A Wrong Turn on Climate Change

>This week, Harry Reid unveiled the Democrats' latest attempt at an energy package. Unlike earlier drafts, this legislation has some chance of passing. Trouble is, it will do very little about climate change (rather ironic for something we used to call a climate change bill). It includes no carbon cap, no efficiency benchmarks, no renewable electricity standard--all of which, in some form, were part of the Waxman-Markey legislation that passed the House more than a year ago.

So what went wrong on the road to controlling global warming and getting closer to energy independence?

According to key environmental and political leaders, several mistakes are now clear. One was an obsessive focus on winning the House vote, but not on the message war that followed, according to Daniel Lashof, director of the Natural Resouces Defense Council's Climate Center. Last summer marked the beginning of the Tea Party backlash to big D.C. legislation, and "Democrats were not prepared, and we [in the environmental community] didn't do enough to explain, why this was good policy." The legislation was defined by its opponents as "cap and tax"--higher electricity prices at a time of economic crisis. Senators saw the pain the energy bill's opponents inflicted on members of the House, and were reluctant to experience it themselves.

Another big mistake was a flabby response to the so-called Climategate scandal--even as the fundamental science of climate change was widely re-affirmed. As one environmentalist put it, "we couldn't sell sacrifice even before Climategate, but now that people had a phony excuse not to believe [global warming] was even happening, our job went from hard to impossible."

Key supporters were distracted: health care, financial reform, and stimulus legislation were all given greater attention by Senate leaders and, especially, the White House. Tony Kreindler of Environmental Defense says, "it should be self-evident we haven't seen the level of engagement by the president necessary to seal the deal." Losing the endorsement of Senator Lindsey Graham (R-SC), the only Republican onboard, was a severe blow.

As one Democratic senator remarked, "Lindsey leaving was terrible, and it says something bad about the senators running the process. [Barbara] Boxer and [John] Kerry are totally committed, their hearts are in the right place, but were they really the best people to reach out to the senators who hadn't decided?"

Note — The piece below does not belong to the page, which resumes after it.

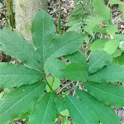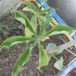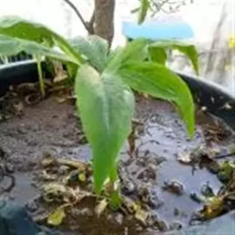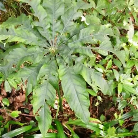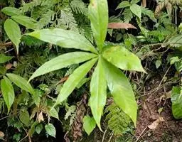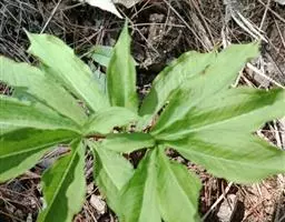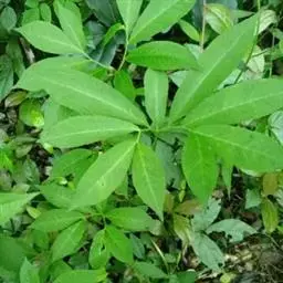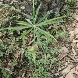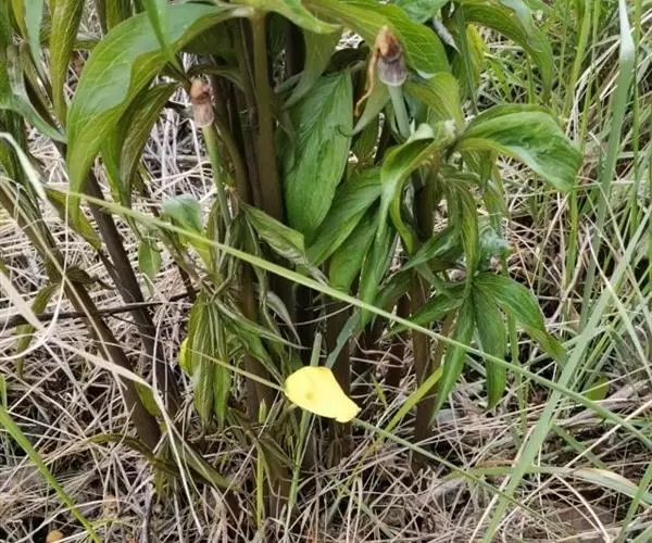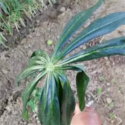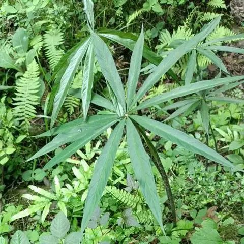 黄苞南星 块茎近球形,小,直径1.5-2.5厘米。鳞叶3-5,锐尖,内面的长8-25厘米。叶2-1,叶柄长12-27厘米,具鞘部分占4/5;叶片鸟足状分裂,裂片5-11(-15),芽时中裂片向上,余向下,长圆披针形或倒卵状长圆形,先端渐尖,基部楔形,长2.5-12厘米,宽0.6-3厘米,亮绿色,侧脉与中肋成锐角上升,细弱,常不连接为整合的集合脉。

Kreindler also emphasized the lack of support from utilities and manufacturers, without which achieving 60 Senate votes was extraordinarily difficult. "We were close with the utilities, not with the manufacturers ... these agreements are important not because of special interest politics and the influence of big money but because having everyone at the table helps make policies that are durable and effective."    

Where do greens go from here? They have three possible paths:

If, for whatever reason, the Reid bill fails to pass before the Congressional August recess, senators could try again on a utility-specific cap in September. This was the proposal Democrats pushed after a more universal carbon cap failed to move. But electric utilities only generate about a third of greenhouse gas emissions. The other downside to this approach, as Lashof argues, is "a source-by-source program provides less certainty for companies and less of a long-term signal to invest in alternatives."  There is also no guarantee a utility-only bill will be more successful in the fall than it has been this summer.

Second, they could try a comprehensive approach again in the lame-duck session (after the November elections) when several Democrats have lost--and therefore won't feel any political constraint against acting on the basis of what, presumably, they really believe. Yet if any of the lame-ducks want a political future in coal country they might remain opposed.

Third, Democrats could attempt a carbon cap again in the next Congress. Most assume they will face fewer distractions then; no big legislative push--on the scale of financial or health reform--is planned. But they will also face far more Republicans. "Prospects are bleak now, bleaker later this year, and bleakest of all next year," said one environmental lobbyist, "I don't know where the path forward is."  

As it now stands, is the Reid bill worth supporting? Every environmental leader with whom I spoke said yes. The good news is it does nothing to strip the EPA of Supreme Court-approved power to limit carbon pollution on its own. Other agencies (like the Departments of Energy or Transportation) could act in particular sectors. The Reid bill also contains non-controversial provisions that will reduce energy waste and strengthen oil industry regulation.  Neither will it take off the table incentives to approve cap-and-trade at a later date--given that none of the pollution credits and industry subsidies in Waxman-Markey carried over to the Reid bill.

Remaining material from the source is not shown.